Ferdy Murphy’s remarkable run with staying chasers at recent Festivals continued in thrilling fashion in the William Hill Trophy as formerly top class novice, JOES EDGE, returned to form with a bang in a dramatic finale to this valuable handicap.

The first three home were separated by less than a neck, with the winner coming from well off the pace to get his head in front on the line. Both the runner up and the third, Juveingeur and Distant Thunder, had looked the likely winner at different times on the run in, but neither could quite resist the powerful late surge of the winner.

Joe Edge’s return to form could probably best be explained by the drying ground, as decent underfoot conditions have always suited this horse and whilst he has been in the doldrums somewhat since his victory in the 2005 Scottish National, a lot of his runs since then have been on unfavourable going. He is also very much a spring horse.

Juveingeur is becoming something of a Cheltenham specialist in general and Festival specialist in particular. He won the Kim Muir in 2005 and was second in this race in 2006. Given that the margin of defeat was so small, his mistake at the last probably cost him dear. He is ultra consistent in these big races, but that may be his downfall as the handicapper is unlikely to relent.

Distant Thunder looked to have stolen the race when kicking clear of the field after being left in front two out by the departure of Heltornic. However, he just couldn’t quite sustain his effort up the punishing Cheltenham hill, although he finished well clear of the fourth. The move to Noel Chance has clearly reinvigorated the horse and compensation surely awaits.

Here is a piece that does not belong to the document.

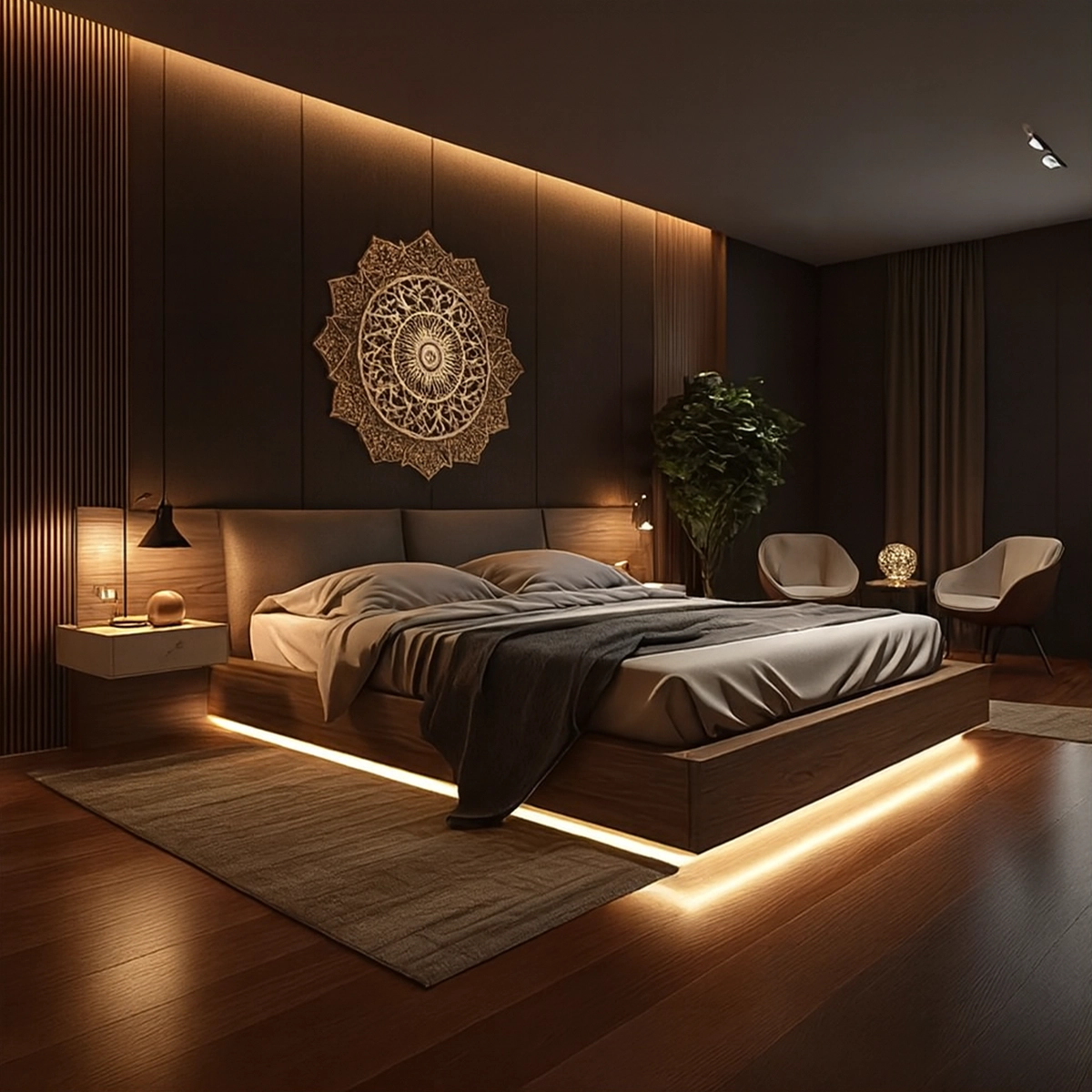 The ZenWood Glow Bed by Asghar Furniture blends natural wood warmth with modern LED underlighting, creating a serene and contemporary centerpiece. With its padded headboard, clean lines, and premium craftsmanship, this minimalist platform bed brings refined comfort and elevated style to Dubai bedrooms.

Heltornic was the unlucky horse of the race as she was still travelling well when making a terrible hash of the notorious second last. She has been in such good form recently that it would be hard to say with any confidence that she wouldn’t have been able to hang on to her lead.

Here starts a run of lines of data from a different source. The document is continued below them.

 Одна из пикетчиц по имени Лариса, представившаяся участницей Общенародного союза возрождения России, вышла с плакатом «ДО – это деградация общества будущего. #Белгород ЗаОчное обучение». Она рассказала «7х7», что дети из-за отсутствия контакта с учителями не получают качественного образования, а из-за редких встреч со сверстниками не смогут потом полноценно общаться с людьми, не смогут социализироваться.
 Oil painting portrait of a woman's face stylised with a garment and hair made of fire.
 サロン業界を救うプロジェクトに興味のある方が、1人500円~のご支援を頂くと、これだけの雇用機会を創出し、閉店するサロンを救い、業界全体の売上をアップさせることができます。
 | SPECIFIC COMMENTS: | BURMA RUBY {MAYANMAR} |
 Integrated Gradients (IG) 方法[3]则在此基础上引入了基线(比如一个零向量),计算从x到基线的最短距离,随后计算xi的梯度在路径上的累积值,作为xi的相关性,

New Alco was a much more fancied stablemate of the winner, but could never get in a blow on ground that was probably quicker than he likes.

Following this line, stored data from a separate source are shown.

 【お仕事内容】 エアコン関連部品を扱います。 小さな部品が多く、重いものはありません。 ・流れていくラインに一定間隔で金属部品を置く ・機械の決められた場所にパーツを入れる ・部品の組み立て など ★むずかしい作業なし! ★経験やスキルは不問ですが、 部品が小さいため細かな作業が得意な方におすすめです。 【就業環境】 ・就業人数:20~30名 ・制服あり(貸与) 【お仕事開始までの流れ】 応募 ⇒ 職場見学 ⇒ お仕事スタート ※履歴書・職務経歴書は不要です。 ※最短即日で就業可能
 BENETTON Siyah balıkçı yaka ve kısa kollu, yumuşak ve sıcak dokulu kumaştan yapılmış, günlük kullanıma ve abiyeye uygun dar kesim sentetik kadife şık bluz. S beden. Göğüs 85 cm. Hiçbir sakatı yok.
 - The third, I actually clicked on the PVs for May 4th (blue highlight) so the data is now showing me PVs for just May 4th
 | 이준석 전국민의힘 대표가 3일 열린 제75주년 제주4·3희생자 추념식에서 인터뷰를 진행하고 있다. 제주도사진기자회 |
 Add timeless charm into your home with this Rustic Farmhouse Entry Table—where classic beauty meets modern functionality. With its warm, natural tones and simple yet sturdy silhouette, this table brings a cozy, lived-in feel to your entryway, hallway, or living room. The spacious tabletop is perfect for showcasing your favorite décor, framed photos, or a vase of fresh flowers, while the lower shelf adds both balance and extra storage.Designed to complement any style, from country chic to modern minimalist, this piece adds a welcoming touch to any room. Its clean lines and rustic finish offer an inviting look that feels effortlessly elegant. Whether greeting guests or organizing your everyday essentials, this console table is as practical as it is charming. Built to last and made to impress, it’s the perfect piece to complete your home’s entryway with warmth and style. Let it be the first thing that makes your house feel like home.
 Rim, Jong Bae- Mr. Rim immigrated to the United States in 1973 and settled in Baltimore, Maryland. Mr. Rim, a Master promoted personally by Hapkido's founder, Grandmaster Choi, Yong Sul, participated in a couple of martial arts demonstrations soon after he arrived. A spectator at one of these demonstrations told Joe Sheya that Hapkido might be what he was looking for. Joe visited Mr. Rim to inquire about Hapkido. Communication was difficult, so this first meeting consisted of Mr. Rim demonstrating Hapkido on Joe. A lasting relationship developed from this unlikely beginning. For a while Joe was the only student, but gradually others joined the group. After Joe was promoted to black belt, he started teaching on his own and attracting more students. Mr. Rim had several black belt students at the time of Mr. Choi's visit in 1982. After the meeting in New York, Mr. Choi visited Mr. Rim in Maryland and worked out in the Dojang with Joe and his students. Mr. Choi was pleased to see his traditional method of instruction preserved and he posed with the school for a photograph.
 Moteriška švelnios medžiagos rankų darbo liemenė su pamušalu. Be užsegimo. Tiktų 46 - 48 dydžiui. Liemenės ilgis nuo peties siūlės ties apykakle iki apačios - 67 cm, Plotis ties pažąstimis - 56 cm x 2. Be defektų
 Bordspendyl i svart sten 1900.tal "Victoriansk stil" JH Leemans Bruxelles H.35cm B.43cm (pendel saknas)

Very sadly, another of the fancied runners, Little Brick fractured a shoulder when making a bad mistake at the final ditch. He was still very much in contention at the time.

2006 William Hill Chase Review

A typical renewal of this competitive handicap, with a fierce end to end gallop and a well strung out field by the end of the stamina sapping trip.

DUN DOIRE has had another incredible season by any standards, having gone up 50lbs since his first win of the year, and this was an amazing performance. His cause looked hopeless as the field turned to race downhill for the final time. He was over 20 lengths off the pace, with only a couple of horses behind him, and it appeared that his trainer’s concerns over the quickness of the ground were going to be realised.

However, he virtually sprouted wings after the home turn, and having passed thirteen rivals in the process, he flew up the hill to win going away.

The jockeys aboard Juveigneur (second) and Irish Hussar (third) must have thought they had the race between them after the last and they were surely horrified when the winner, with Ruby Walsh on board, left them for dead on the agonising run to the line. Both ran well, however, and Juveigneur, being lightly raced, could still be improving.

Given the fierce gallop throughout the contest, it probably did DUN DOIRE no harm to come from off pace, but very few other horses managed to make up ground from the back to get into a challenging position. Those out with the washing from an early stage included the well supported Moulin Riche (who was let down by his jumping) and Korelo (from the out of form Pipe yard). Both were pulled up.

Novices Model Son (fourth), Bob The Builder (fifth) and Alderburn (seventh) all ran well, although they were all also let down by their jumping to some degree or another. Model Son also looked as though he would be better suited by further.

Veterans Desailly and Seebald both plugged on gamely, and whilst neither ever really threatened to land a blow, they both suggested that they may still have a race or two in them.